Here is this week's business news:
Apple (NASDAQ:AAPL): Apple's fiscal first-quarter numbers may have come well under analysts' expectations, but the tech giant could perhaps find solace in strong China sales numbers.

For the three months ended December 29, 2012, Apple's revenue from the Greater China region, which includes mainland China, Hong Kong, and Taiwan, rose to $6.83 billion from $4.08 billion a year ago, while iPhone sales in the region more than doubled.

The rising importance of Greater China, now Apple's third-largest market after the Americas and Europe, can be highlighted by the Cupertino, CA-based company's decision to report China data separate from the Asia-Pacific region for the first time ever in this quarter's earnings release. Greater China is also by far the fastest-growing market for Apple.

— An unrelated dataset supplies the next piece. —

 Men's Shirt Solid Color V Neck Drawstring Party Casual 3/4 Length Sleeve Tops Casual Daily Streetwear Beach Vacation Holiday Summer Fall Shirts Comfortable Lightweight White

"We have established a new operating segment of Greater China given the very significant contribution of that region to our overall business," Peter Oppenheimer, Apple's Chief Financial Officer, said in an earnings call on Tuesday, according to Bloomberg.

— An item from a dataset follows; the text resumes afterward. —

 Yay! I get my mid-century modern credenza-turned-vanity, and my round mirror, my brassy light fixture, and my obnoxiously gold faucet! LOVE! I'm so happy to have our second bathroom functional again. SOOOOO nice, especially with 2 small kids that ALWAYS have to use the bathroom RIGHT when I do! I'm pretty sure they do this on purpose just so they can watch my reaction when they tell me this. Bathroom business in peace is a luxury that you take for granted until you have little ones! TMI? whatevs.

Amid rumors that Apple will release a cheaper iPhone to compete with local firms like Huawei (SHE:002502) and ZTE (SHE:000063) that have been gobbling up the lower-end market share, some analysts have said that it would not be in the company's best interest to do so, as it would dilute Apple's brand.

"If you think of Apple, it's like a bright star in the galaxy, shining so brightly and everyone is looking at it. But it might have dimmed a bit as other stars such as Samsung (PINK:SSNLF) have popped up," said TZ Wong, an analyst at research firm IDC, according to Reuters. "I don't think it's in Apple's interest to further dim its star power by stepping into the low-end segment."

Lenovo (PINK:LNVGY): Lenovo's smartphone business in China is now profitable, the company's CFO Wong Wai Ming said.

Only a few months back, Lenovo CEO Yang Yuanqing had said that it would be at least two quarters before it would make a profit from selling smartphones in the mainland because of heavy investment spending.

However, Wong, at the World Economic Forum in Davos, said that his company's China smartphone unit was already in the black, reported the Wall Street Journal.

Wong also added that Lenovo was also selling a rapidly increasing number of smartphones in emerging markets like India, Vietnam, and Russia.

"Just a couple of months in, the numbers are good, but from a very low base," he said, according to the Journal.

Jolla: Finnish smartphone upstart, Jolla, which was founded by a number of ex-Nokia engineers, is coming for Google's (NASDAQ:GOOG) crown in China. Jolla has created a new open source mobile operating system, Sailfish, that it plans to launch in China later. The company hopes that by offering it free-of-charge, Sailfish will be able to gain market share from leader Android, which has a 90% share of the market.

According to Forbes, Jolla's Hong Kong partners have planed a $270 million alliance to reach Chinese consumers. The company also signed a distribution deal last year with D.Phone, China's largest mobile phone retailer, with 2,000 stores to sell Jolla's first phone this summer.

Jolla is reportedly pricing its model around the premium $500-$800-per-handset range, putting it in direct competition with the likes of the iPhone and Samsung's Galaxy S3.

Volkswagen (PINK:VLKAY): While Apple considers whether or not to introduce a cheaper iPhone for the lower-end segment of the China market, German carmaker Volkswagen is reportedly also weighing a similar decision.

"That's an issue we're currently looking at," Volkswagen brand development chief Ulrich Hackenberg told Reuters.

Volkswagen was compelled to consider this move because the so-called budget car segment is the biggest part of China's auto market, with over 3 million of these vehicles sold each year.

If Volkswagen does decide to enter the no-frills car market, it will compete with other foreign companies like Renault (PINK:RNSDF) with the Dacia and Nissan (PINK:NSANY) with its Datsun. The budget cars, likely to be priced between 5,000 ($6,728) and 10,000 euros ($13,300), will likely be produced via a joint venture with one of the company's two Chinese joint venture partners.